What is expected
Copy out all of the lines below exactly; the pictures do not belong in the copy.

Supplied data

• • •

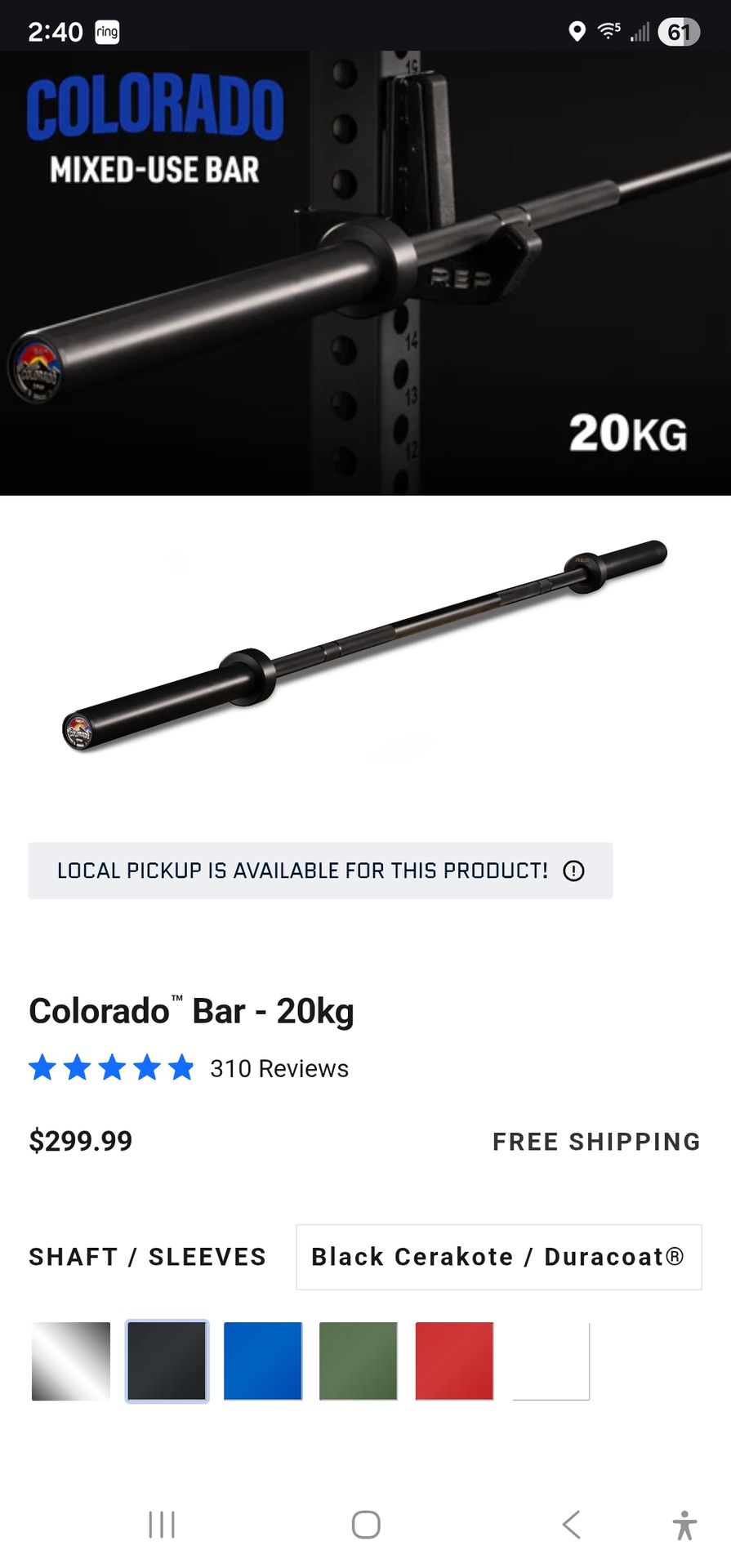 Bar is brand new, color Black, never used, sealed in original packaging. Made from REP Fitness, purchased w/ tax for $335, selling for $225 ✅️ Local meet up only Have questions❓️Just ask!
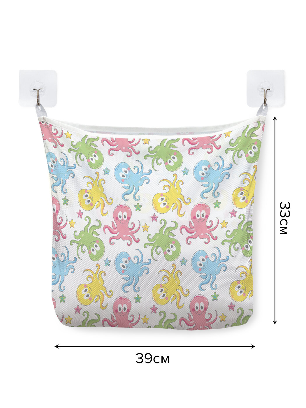 Сетка для игрушек в ванную "Цветные осьминожки" органайзер для хранения, крючки, 33x39 см, JoyArty интересное:
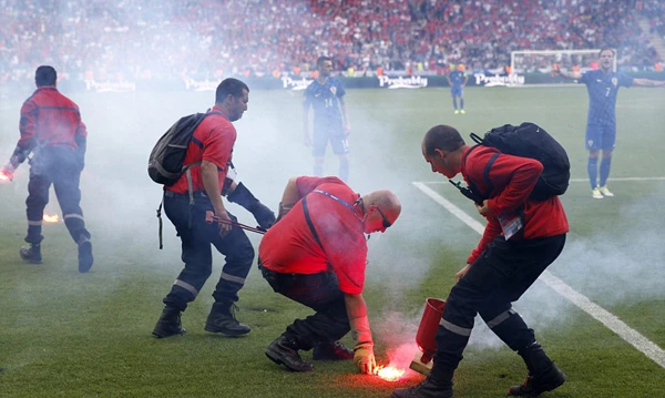 Các nhân viên trên sân phải dập tắt và dọn dẹp những quả pháo để trận đấu được tiếp tục

• • •

Solved problem
 Bar is brand new, color Black, never used, sealed in original packaging. Made from REP Fitness, purchased w/ tax for $335, selling for $225 ✅️ Local meet up only Have questions❓️Just ask!
 Сетка для игрушек в ванную "Цветные осьминожки" органайзер для хранения, крючки, 33x39 см, JoyArty интересное:
 Các nhân viên trên sân phải dập tắt và dọn dẹp những quả pháo để trận đấu được tiếp tục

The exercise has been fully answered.